▶ _DATA SHOWN_:
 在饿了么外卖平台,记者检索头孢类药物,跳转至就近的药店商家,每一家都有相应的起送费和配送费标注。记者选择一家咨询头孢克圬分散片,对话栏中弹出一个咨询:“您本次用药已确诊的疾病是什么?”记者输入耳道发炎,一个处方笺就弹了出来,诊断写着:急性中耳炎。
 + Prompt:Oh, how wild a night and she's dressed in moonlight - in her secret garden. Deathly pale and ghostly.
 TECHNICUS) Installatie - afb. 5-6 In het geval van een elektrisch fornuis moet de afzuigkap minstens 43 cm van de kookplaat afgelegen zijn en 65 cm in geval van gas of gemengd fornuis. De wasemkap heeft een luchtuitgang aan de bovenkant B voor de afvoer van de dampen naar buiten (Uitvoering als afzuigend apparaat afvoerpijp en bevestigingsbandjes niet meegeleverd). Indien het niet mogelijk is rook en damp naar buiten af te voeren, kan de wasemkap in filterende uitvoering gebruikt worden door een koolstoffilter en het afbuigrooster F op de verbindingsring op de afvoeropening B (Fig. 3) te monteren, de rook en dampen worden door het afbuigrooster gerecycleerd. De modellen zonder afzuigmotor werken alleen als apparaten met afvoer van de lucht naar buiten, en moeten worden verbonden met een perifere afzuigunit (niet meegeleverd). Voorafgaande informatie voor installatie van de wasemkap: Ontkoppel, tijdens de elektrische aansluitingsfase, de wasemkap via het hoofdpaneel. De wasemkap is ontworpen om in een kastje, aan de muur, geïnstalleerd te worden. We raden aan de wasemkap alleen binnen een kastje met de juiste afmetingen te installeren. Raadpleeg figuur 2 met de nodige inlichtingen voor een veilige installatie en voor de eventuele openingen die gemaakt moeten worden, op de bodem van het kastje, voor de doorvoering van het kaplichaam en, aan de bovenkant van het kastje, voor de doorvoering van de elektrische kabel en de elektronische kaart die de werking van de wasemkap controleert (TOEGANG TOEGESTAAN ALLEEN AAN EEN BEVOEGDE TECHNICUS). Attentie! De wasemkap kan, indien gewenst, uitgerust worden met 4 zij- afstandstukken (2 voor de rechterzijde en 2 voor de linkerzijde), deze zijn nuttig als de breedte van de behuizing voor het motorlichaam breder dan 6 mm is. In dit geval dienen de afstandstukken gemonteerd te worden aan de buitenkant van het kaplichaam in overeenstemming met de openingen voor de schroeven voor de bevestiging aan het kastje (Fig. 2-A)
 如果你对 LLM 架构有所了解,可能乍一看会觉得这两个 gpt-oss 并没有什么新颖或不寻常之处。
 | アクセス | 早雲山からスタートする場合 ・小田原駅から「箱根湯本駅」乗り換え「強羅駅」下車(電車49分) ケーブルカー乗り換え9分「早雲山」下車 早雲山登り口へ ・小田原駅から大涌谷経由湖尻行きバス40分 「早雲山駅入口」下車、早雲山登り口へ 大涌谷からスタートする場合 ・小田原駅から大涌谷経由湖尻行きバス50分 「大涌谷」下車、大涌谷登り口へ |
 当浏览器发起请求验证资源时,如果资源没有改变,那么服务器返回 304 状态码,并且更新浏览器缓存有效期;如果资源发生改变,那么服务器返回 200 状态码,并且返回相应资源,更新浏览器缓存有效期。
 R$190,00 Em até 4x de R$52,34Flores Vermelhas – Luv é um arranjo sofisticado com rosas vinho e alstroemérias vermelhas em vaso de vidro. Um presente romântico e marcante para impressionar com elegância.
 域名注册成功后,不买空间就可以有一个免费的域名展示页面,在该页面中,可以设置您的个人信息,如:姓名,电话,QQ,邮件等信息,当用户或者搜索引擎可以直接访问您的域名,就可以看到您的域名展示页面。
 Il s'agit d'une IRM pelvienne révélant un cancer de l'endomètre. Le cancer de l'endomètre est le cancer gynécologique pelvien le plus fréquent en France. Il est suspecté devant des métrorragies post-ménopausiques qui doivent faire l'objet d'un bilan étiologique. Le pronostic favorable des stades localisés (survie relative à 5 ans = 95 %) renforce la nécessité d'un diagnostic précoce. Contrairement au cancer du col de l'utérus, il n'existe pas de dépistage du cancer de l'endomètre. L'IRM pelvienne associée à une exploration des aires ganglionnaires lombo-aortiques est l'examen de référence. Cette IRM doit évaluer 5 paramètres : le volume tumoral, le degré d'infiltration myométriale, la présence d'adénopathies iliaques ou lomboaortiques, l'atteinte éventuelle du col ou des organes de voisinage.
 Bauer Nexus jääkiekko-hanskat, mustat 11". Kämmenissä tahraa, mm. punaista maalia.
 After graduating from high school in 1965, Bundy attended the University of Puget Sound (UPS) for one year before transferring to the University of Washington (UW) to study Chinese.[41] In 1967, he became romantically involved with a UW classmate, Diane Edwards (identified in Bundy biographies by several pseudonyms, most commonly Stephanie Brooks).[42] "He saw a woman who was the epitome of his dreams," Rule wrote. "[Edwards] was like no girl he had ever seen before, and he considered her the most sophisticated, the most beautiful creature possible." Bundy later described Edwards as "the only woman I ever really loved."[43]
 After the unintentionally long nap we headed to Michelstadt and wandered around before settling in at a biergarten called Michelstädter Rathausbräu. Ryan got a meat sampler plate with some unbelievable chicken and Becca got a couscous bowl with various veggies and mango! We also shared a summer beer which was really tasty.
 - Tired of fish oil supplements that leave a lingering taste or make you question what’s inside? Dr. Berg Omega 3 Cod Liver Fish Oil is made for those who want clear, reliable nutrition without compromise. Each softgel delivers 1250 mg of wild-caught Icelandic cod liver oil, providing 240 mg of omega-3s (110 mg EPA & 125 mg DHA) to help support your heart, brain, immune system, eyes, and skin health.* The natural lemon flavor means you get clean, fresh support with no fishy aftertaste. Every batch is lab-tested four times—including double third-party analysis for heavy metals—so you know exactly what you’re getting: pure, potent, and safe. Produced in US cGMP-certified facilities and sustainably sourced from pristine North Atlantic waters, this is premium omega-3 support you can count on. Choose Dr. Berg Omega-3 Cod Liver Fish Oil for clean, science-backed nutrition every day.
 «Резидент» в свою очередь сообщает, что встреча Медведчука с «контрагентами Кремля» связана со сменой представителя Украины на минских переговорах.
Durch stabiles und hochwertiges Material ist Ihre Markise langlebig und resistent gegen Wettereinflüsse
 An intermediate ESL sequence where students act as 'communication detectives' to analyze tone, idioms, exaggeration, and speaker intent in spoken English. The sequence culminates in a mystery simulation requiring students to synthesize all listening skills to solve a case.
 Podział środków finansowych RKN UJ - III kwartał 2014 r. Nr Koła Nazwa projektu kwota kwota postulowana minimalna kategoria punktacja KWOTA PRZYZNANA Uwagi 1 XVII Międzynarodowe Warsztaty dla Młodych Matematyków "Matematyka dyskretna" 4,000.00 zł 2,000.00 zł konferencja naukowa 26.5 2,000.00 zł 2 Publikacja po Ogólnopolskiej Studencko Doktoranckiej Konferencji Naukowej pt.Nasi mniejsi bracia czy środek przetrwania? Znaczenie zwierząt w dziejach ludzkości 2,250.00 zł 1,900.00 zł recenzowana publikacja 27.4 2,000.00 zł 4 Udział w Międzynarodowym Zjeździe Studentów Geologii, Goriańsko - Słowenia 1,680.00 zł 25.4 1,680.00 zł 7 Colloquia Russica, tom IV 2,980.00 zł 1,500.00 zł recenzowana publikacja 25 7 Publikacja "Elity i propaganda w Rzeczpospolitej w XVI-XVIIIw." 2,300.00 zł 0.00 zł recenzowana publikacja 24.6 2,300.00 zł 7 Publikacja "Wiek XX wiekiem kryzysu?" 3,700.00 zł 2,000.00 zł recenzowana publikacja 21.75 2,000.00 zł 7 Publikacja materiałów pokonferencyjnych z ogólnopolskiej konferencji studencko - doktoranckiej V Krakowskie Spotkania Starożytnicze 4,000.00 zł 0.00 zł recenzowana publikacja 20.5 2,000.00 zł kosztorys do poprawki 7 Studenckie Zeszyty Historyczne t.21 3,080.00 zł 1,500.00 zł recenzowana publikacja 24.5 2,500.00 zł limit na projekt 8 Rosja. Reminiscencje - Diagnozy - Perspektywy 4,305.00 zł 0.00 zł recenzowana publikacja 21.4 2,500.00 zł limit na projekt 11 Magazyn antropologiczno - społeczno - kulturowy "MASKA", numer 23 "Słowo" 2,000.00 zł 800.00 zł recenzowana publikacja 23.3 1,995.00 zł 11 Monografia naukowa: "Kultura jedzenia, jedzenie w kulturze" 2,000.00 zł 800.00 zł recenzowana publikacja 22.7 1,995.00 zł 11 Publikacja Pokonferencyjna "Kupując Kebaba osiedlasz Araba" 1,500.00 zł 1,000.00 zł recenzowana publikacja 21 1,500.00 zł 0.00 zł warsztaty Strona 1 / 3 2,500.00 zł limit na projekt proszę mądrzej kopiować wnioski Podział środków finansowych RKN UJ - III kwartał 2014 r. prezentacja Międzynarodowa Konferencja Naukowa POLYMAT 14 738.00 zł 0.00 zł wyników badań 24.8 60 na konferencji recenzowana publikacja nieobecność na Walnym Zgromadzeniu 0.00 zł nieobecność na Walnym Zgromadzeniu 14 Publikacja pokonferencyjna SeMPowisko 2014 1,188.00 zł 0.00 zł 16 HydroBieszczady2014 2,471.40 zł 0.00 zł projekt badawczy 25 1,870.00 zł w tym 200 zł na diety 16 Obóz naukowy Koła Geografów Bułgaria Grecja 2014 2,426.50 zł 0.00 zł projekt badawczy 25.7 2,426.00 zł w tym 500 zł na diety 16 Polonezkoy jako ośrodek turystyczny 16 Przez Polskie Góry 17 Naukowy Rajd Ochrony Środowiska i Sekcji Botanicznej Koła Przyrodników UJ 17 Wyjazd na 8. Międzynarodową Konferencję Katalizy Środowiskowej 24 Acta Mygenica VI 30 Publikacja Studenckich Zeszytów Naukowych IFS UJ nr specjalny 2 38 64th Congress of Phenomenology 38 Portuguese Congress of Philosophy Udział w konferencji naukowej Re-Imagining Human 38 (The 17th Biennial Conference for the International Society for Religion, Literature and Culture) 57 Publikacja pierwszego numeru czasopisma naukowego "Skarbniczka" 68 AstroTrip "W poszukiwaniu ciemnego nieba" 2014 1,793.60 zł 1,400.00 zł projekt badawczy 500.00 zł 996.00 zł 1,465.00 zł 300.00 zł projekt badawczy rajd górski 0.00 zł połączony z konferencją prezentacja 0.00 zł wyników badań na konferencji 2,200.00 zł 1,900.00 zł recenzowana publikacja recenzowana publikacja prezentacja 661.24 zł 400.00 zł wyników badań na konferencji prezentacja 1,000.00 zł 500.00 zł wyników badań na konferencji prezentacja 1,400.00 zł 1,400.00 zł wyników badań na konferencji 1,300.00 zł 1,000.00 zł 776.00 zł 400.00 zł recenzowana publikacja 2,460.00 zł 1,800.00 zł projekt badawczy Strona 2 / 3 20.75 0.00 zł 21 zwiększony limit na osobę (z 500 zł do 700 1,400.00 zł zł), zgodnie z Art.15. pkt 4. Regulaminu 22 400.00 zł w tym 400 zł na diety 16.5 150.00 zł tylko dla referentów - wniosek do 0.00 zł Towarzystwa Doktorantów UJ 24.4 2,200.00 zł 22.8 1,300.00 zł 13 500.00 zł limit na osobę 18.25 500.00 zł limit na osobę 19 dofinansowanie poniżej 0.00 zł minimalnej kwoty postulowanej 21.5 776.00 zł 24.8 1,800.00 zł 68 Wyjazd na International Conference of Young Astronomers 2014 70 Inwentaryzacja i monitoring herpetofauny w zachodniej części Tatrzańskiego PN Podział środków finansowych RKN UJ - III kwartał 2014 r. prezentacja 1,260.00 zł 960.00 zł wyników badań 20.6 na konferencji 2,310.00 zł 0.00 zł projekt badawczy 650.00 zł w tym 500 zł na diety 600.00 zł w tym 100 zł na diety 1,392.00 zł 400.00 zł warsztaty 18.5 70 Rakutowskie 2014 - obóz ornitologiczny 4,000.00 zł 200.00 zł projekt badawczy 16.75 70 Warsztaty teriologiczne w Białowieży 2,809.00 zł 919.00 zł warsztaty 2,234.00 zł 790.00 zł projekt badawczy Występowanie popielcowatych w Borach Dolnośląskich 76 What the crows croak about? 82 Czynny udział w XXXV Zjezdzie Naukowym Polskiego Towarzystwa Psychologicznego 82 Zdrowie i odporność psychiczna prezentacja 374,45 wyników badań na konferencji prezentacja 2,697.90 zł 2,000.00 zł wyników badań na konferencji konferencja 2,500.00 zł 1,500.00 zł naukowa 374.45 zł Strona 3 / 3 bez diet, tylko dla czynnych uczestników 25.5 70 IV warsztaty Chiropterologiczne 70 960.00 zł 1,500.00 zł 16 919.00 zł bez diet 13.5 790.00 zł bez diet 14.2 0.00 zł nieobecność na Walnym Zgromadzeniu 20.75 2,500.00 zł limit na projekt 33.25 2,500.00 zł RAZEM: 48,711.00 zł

▶ _PROBLEM DESCRIPTION_:
Since only part of the listing is wanted, copy exactly the lines from the one holding "After graduating from" to the one holding "After the unintentionally", both included.

▶ _ANSWER BOX_:
 After graduating from high school in 1965, Bundy attended the University of Puget Sound (UPS) for one year before transferring to the University of Washington (UW) to study Chinese.[41] In 1967, he became romantically involved with a UW classmate, Diane Edwards (identified in Bundy biographies by several pseudonyms, most commonly Stephanie Brooks).[42] "He saw a woman who was the epitome of his dreams," Rule wrote. "[Edwards] was like no girl he had ever seen before, and he considered her the most sophisticated, the most beautiful creature possible." Bundy later described Edwards as "the only woman I ever really loved."[43]
 After the unintentionally long nap we headed to Michelstadt and wandered around before settling in at a biergarten called Michelstädter Rathausbräu. Ryan got a meat sampler plate with some unbelievable chicken and Becca got a couscous bowl with various veggies and mango! We also shared a summer beer which was really tasty.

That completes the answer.